• [REQUIREMENT] Please print the entries exactly, omitting each image.

• [Dataset entries]

--------------------

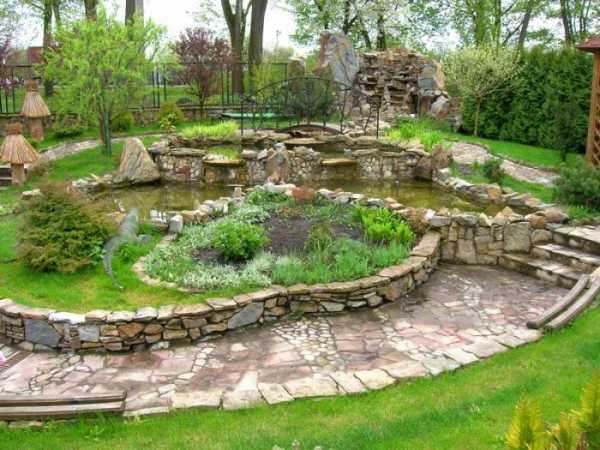 Следующая подходящая декорация пруда на даче делается из камней. Это могут быть небольшие ступеньки, подчеркивающие неровный рельеф, ограждения на каменной основе или статуи, которые пишутся в природный ландшафт. Пруд из камней на даче своими руками можно выполнить в разной цветовой гамме.
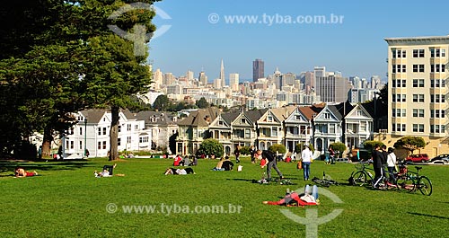 Assunto: Vista do gramado do Parque Alamo e casas (Painted Ladies) na Rua Steiner (Steiner Street) / Local: São Francisco - Califórnia - Estados Unidos da América - EUA / Data: 02/2013
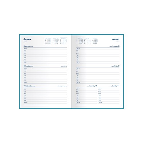 Bound in durable PVC with soft flexible cover. Printed on white paper, week numbers, Julian days, Australian and New Zealand holidays.
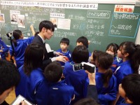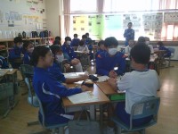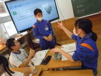 外国語の時間です。発表の準備をしています。ALTのデモンストレーションを見て、...
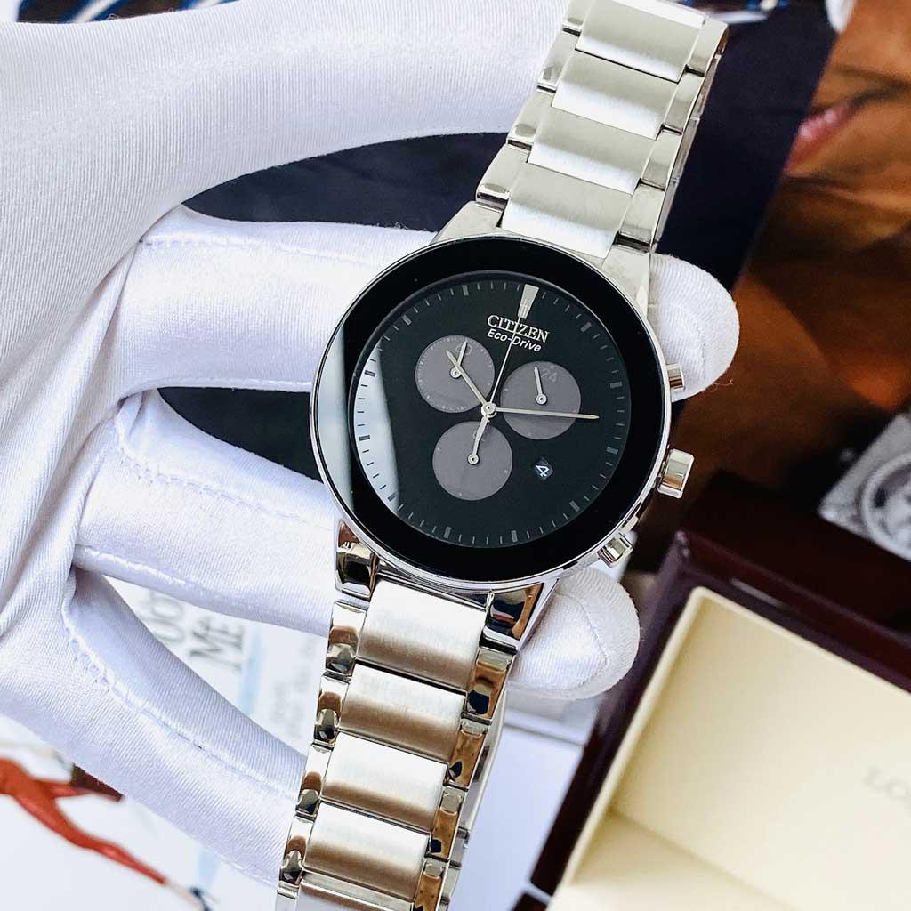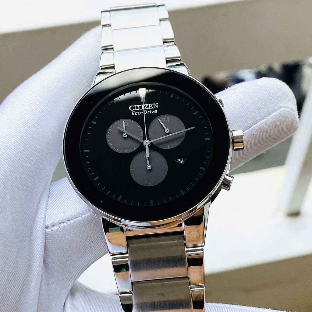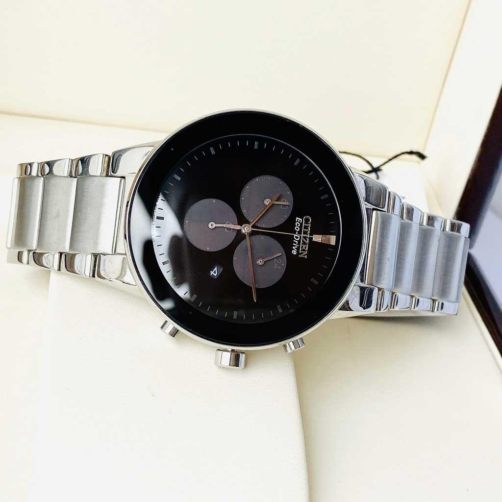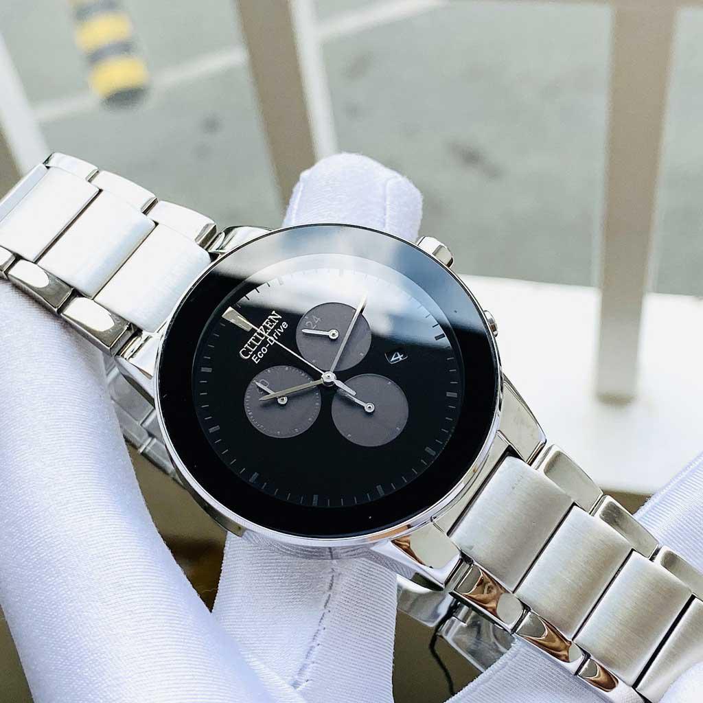 - Citizen AT2240-51E phong cách soái ca trên nền mặt số tông màu đen mạnh mẽ và trắng cuốn hút

--------------------

• [RESPONSE AREA]
 Следующая подходящая декорация пруда на даче делается из камней. Это могут быть небольшие ступеньки, подчеркивающие неровный рельеф, ограждения на каменной основе или статуи, которые пишутся в природный ландшафт. Пруд из камней на даче своими руками можно выполнить в разной цветовой гамме.
 Assunto: Vista do gramado do Parque Alamo e casas (Painted Ladies) na Rua Steiner (Steiner Street) / Local: São Francisco - Califórnia - Estados Unidos da América - EUA / Data: 02/2013
 Bound in durable PVC with soft flexible cover. Printed on white paper, week numbers, Julian days, Australian and New Zealand holidays.
 外国語の時間です。発表の準備をしています。ALTのデモンストレーションを見て、...
 - Citizen AT2240-51E phong cách soái ca trên nền mặt số tông màu đen mạnh mẽ và trắng cuốn hút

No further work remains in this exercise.